Pola-R-CHP - Polatuzumab Vedotin 1.8 / Rituximab 375 / Cyclophosphamide 750 / Doxorubicin 50 / Prednisolone 100, diffuse large B-non-Hodgkin Lymphoma, cycle 1-6
Protocol-ID: 1920 V1.0 (Standard), Pola-R-CHP (POLVED1.8/RITU375/CYCL750/DOXO50/PRED100), DLBCL, C1-6Indication(s)

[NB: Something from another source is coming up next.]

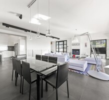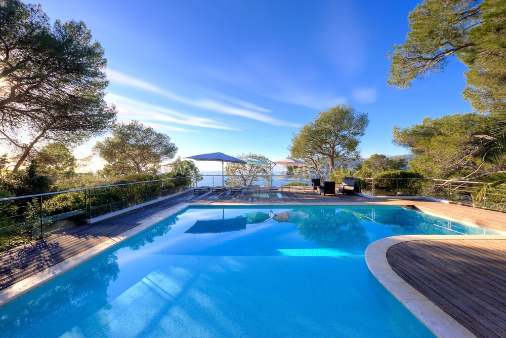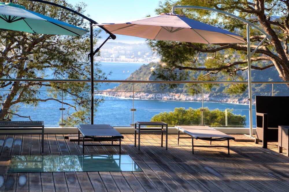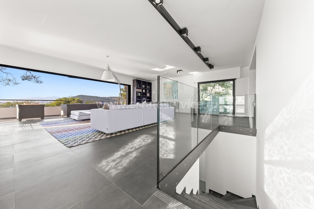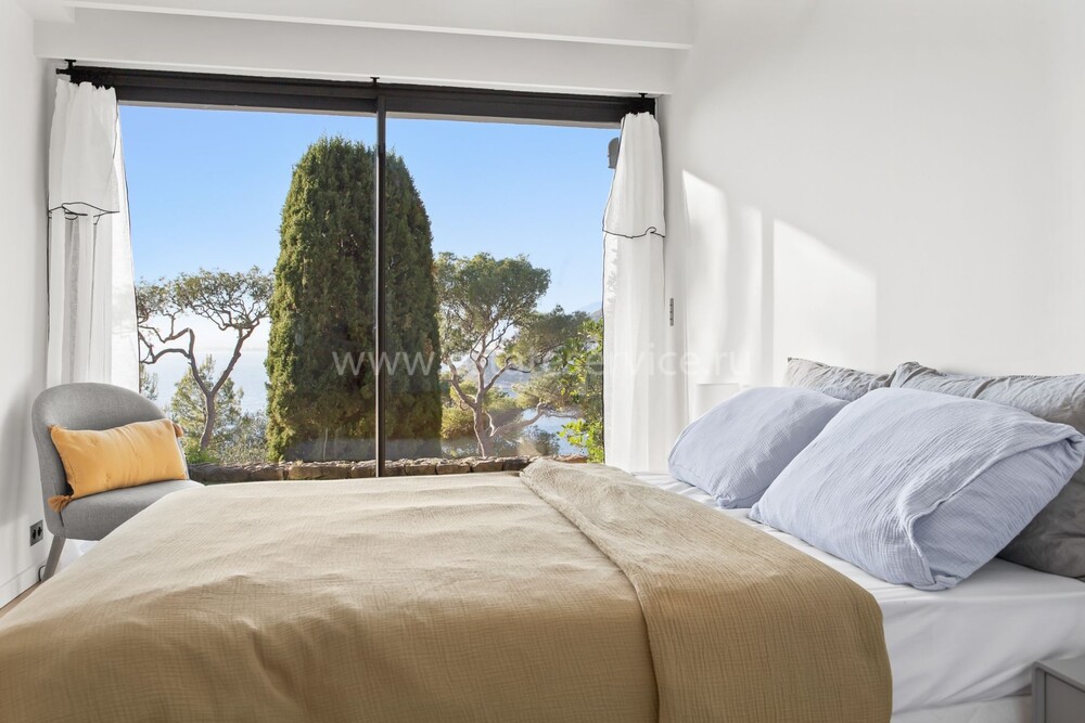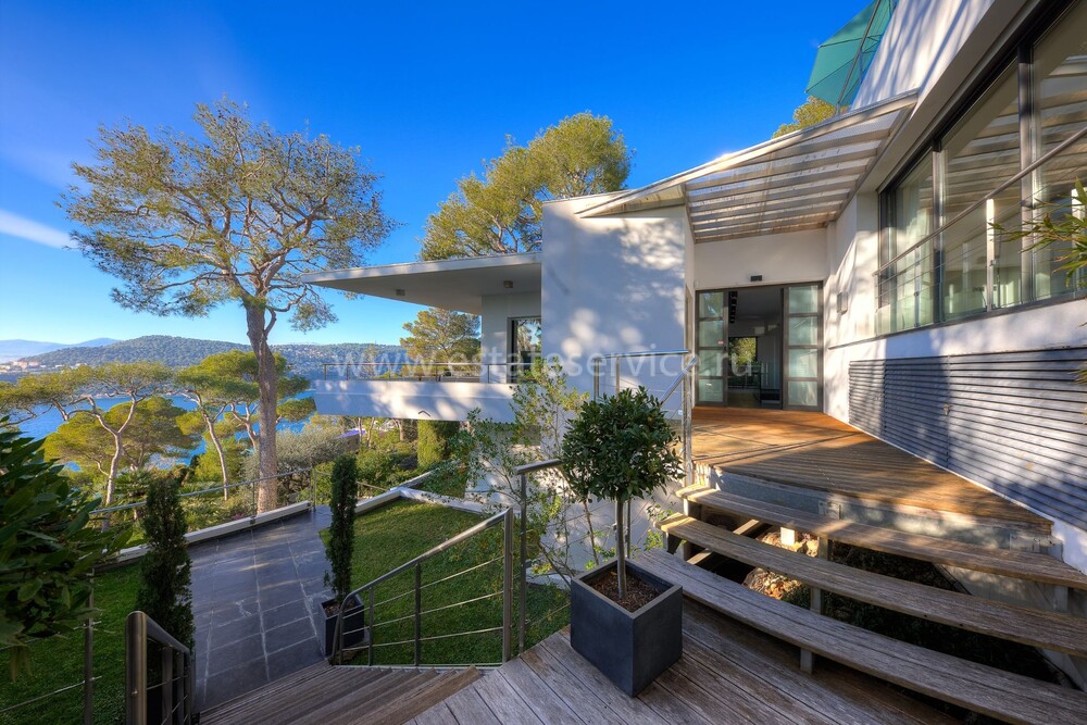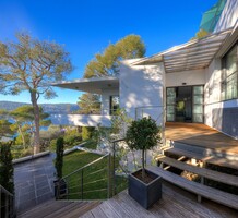 Функциональная вилла с доминирующим расположением на западной стороне Кап-Ферра в пешей доступности от пляжа Пассабл. Жилая площадь 240 m² (возможность расширения до 300 m²), огороженный участок 2.1000 m² с удобным подъездом. На трёх уровнях (соединены лифтом) разместились - просторная гостиная с обеденной зоной, открытой кухней и выходом на террасу, пять спален с ванными/душевыми, подсобные помещения, большой гараж на две машины и терраса на крыше из тикового дерева с бассейном. Можно оборудовать фитнес-зал, домашний кинотеатр или отдельную гостевую студию. Шедевр современной архитектуры в безмятежной обстановке, уникальный потенциал для расширения, редкое предложение!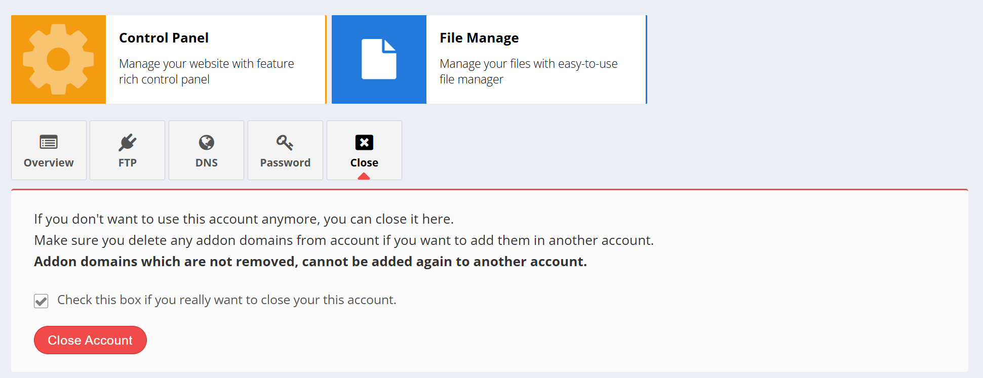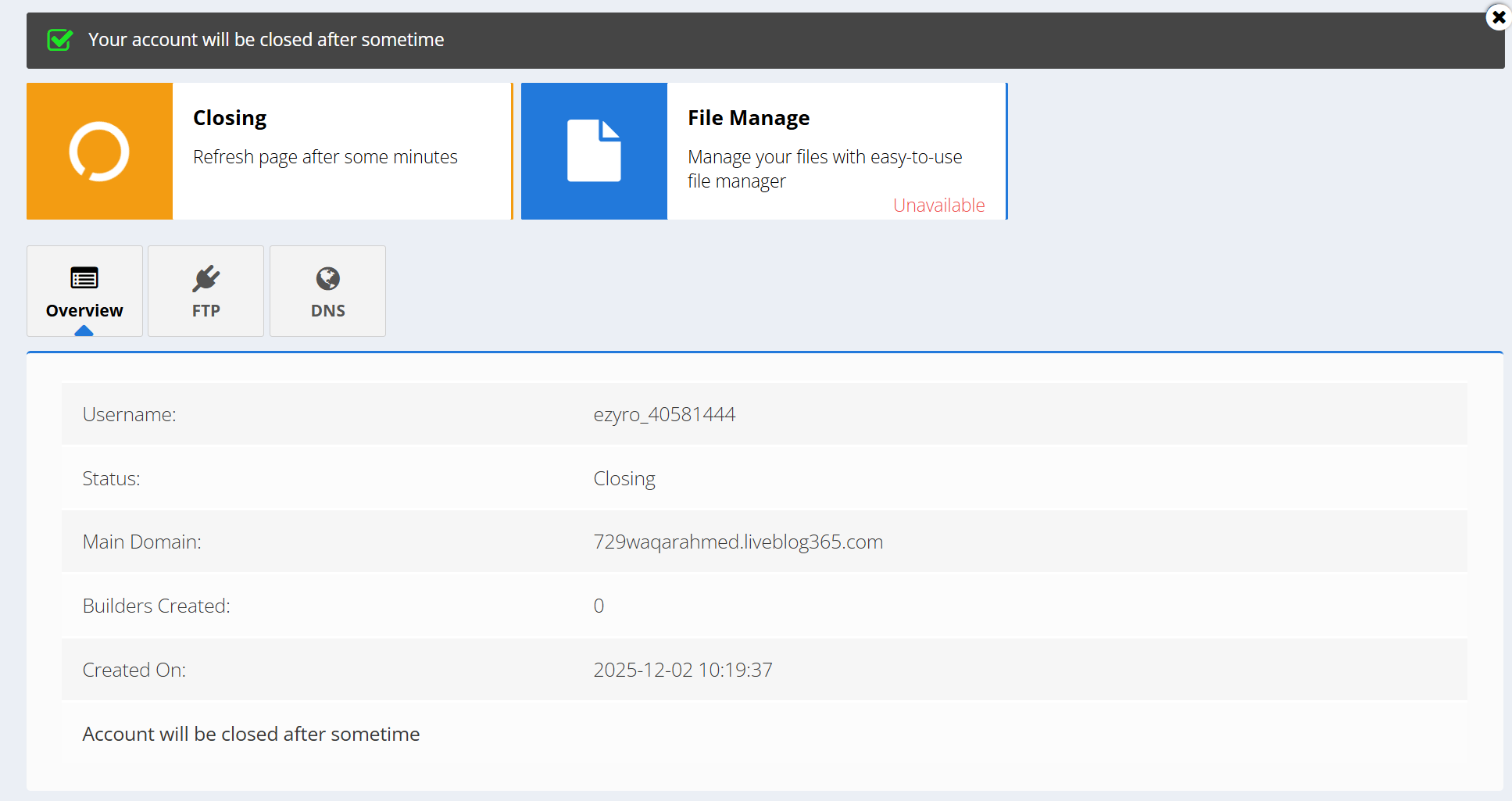 Your account has been marked for deletion. It will be automatically deleted after all your hosting accounts are completely removed.

- NHL, B-Cell Type, Diffuse Large Cell; ICD-10 C83.3
Protocol classification
- Classification: current standard
- Intensity: Standard dose
- Therapy mode: First line
- Therapy intention: curative
Cycles
Cycle length 21 days, recommended cycles: 6
Protocol sequences
Risks
- Emetogenicity (MASCC/ESMO): moderate (30-90%)
- Neutropenia: very high (>41%)
- Febrile Neutropenia: high (>20%)
- Anemia Hb below 8g/dl: moderate (6-15%)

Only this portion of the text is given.